Sounds like a leak. I'll look into it. Sorry, I actually missed your last post.

You can find a build of the current code on Dropbox:
- Win32: https://www.dropbox.com/s/yor5p4nxuuhhzyf/TyQt-0.7.0-104-g2628768-win32.zip?dl=0
- OSX: https://www.dropbox.com/s/a59bbq9hosnrqod/TyQt-0.7.0-104-g2628768-osx.dmg?dl=0

The main changes are:
- Extract hardware abstraction layer to a separate library called libhs (main cause of regressions)
- Add per-board scrollBackLimit setting
- Add general TyQt reset/restart actions (Tools menu)
- Move log to a dedicated window
- Improve support for pre-Teensyduino 1.19 boards
- Improve minimal interface / compact mode (board selection menu)
- Keep list of recently uploaded firmwares for each board
- Add 'Drop firmware association' menu action
- Improve board selection dialog

There are many other changes, especially to the 'low-level' device code... There are regressions and spurious warnings which you can safely ignore.
 
Sounds like a leak. I'll look into it. Sorry, I actually missed your last post.

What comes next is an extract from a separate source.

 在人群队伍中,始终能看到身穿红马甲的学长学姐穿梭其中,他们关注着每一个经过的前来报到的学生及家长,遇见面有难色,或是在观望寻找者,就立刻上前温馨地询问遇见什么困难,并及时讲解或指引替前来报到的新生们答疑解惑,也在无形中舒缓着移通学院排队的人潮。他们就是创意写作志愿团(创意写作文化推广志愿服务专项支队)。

No problem - good to see progress, and good to know I'm not always a bother.

Downloaded and running, will see how it does going forward. I have two active Teensy's with ESP's right now [RAM at 50%/4GB] - I set them to '50000' Scrollback lines, will see how memory does leaving it active rather than shutting it down.

  • I see the Scrollback is working as persistent, good.
  • Tools / Open Log was hard to find? That makes sense - I was just thinking Help / Verbose like Teensy.exe
  • I like the Minimal device drop down - is there any reason to remove it when in full view?
  • Adding a bottom option there to toggle Full/Hidden might be handy? "alt" does not re-appear the app menu - so there is no way to see how to get back - OH, Right click gives the menu.
  • I like the 'Drop Association' for Auto Upload.
 
No problem - good to see progress, and good to know I'm not always a bother.

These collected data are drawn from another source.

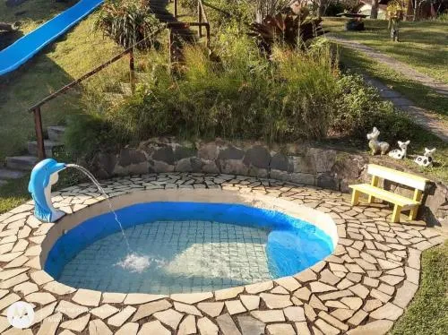 La piscina all'aperto della Pousada Chácara do Rio è immersa in una ricca vegetazione, offrendo un ambiente naturale e tranquillo. La proprietà vanta anche una cascata privata, che aggiunge un elemento naturale unico all'ambiente circostante l'area della piscina.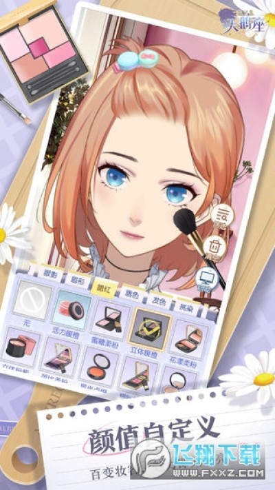 2、自由美妆玩法,实现每个女孩子的美丽心愿。上百种妆饰单品任意配搭,打造自信闪亮妆容!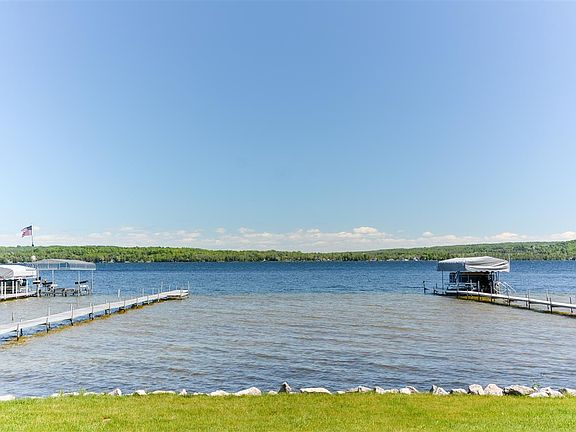 South Lake Leelanau waterfront! Situated on the south-west shore with 80' of private frontage, lake life at this property is absolutely dreamy. Surrounded by beautiful gardens w/ almost 2 acres of manicured lawn and ample privacy, the meticulously maintained 3118 sq/ft main house w/2 car attached garage plus a 750 sq/ft guest house above a charming barn style outbuilding create the perfect set-up for family & friends to spend time on this premium, locals favorite lake ideal for boating, fishing, kayaking & swimming. The interior of the main house boasts an entire upper level dedicated to the master bedroom, double staircases, gas F/P on main & lower levels, towering great room w/ cathedral ceiling & a bank of east facing windows, formal dining room, and lower level walk-out family area complete w/ wet bar. Nice big parcel w/ lots of options for gardens, micro orchard, or additional outbuilding. Great location just a quick drive to Traverse City & even closer to villages of Cedar or Lake Leelanau. Perfect year-round home or base-camp to explore Leelanau County's Wine, Golf & Outdoor Country! Click on virtual tour link for an incredibly realistic view of the interior!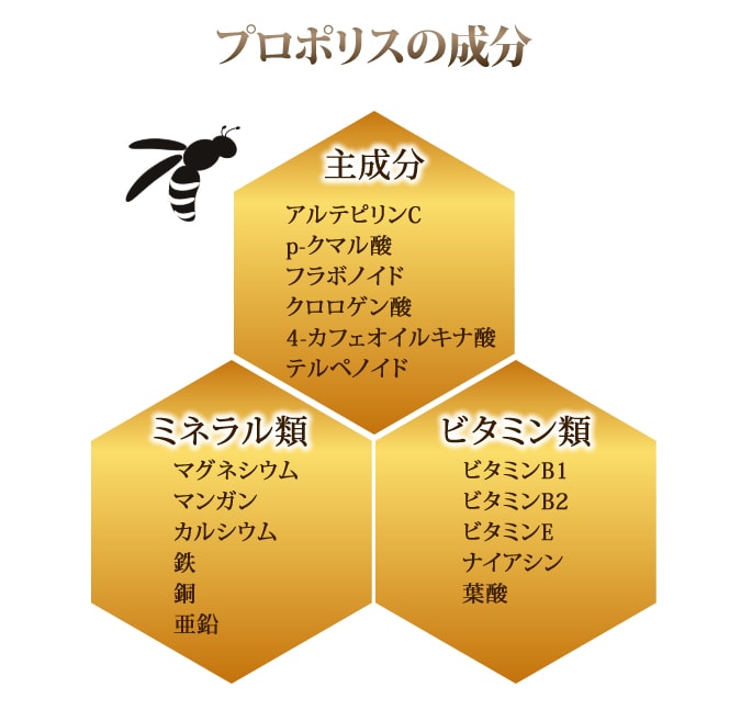 プロポリスにはフラボノイド類が豊富に含まれており、その種類は20種類ほどで、さらにプロポリスに含まれているフラボノイドには糖分がほとんど含まれていません。加えてアミノ酸・ビタミン類・酵素なども豊富に含まれています。

Hey, you're no bother at all. And I owe you most of my users / features! As for the memory use, well if there's a leak I'm not sure how much the scrollback limit will help you, but we'll see.

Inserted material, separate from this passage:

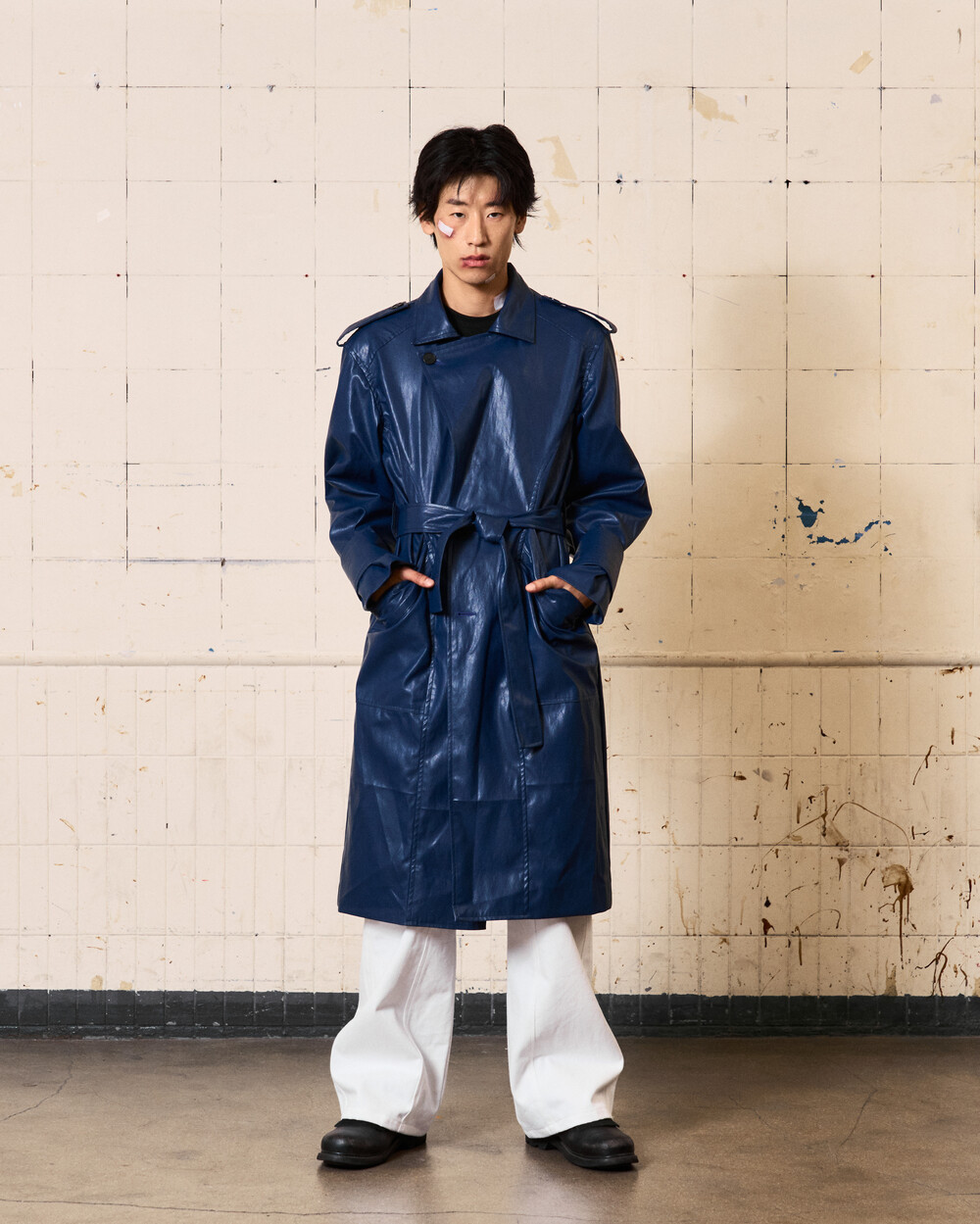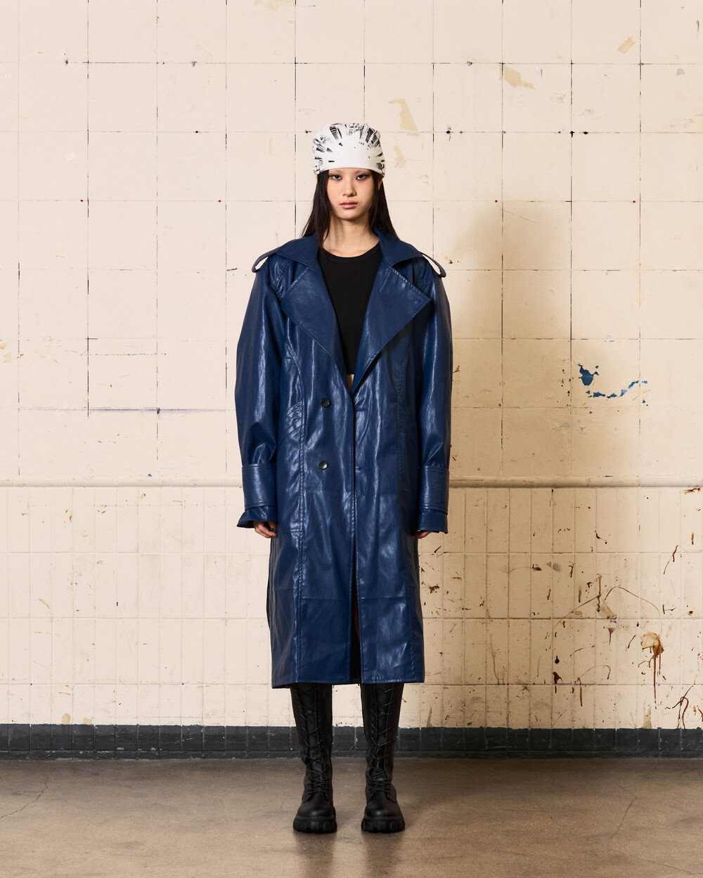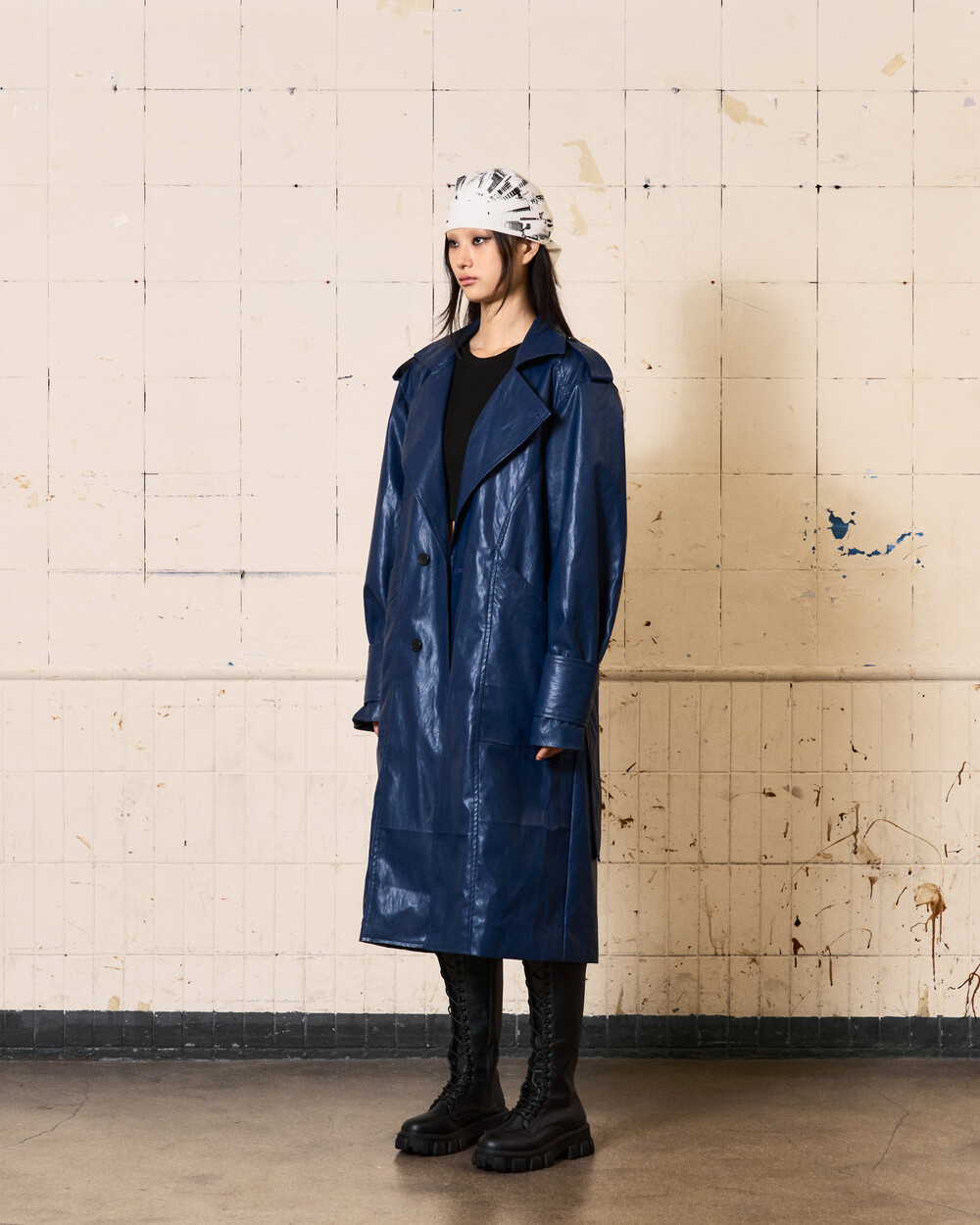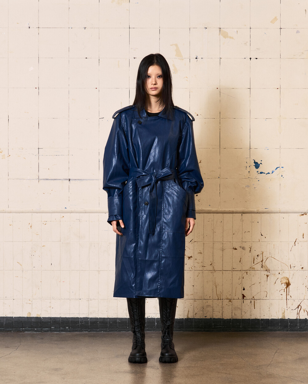 - Faux Leather 원단의 앞판 커브디테일이 들어간 레더코트 입니다.

I like the Minimal device drop down - is there any reason to remove it when in full view?

It is redundant with the board list, but more than that... I find it kind of ugly :) Actually, it's ok on Windows but on OSX it looks very alien. It is the main reason I kept the code locally for more than two weeks... But I don't have any good idea. On OSX it shown on the right of the tabs instead, to feel less strange.

I need to expose a few global application settings (the main one being the maximum number of parallel uploads/resets/reboots), so I can probably put a "Always show dropdown" setting in there.

Adding a bottom option there to toggle Full/Hidden might be handy? "alt" does not re-appear the app menu - so there is no way to see how to get back - OH, Right click gives the menu.

I liked your suggestion with Alt, and I intend to try that. The shortcut (Ctrl + H) keeps working too. Well, except on OSX which apparently already uses this shortcut so I need to find something else.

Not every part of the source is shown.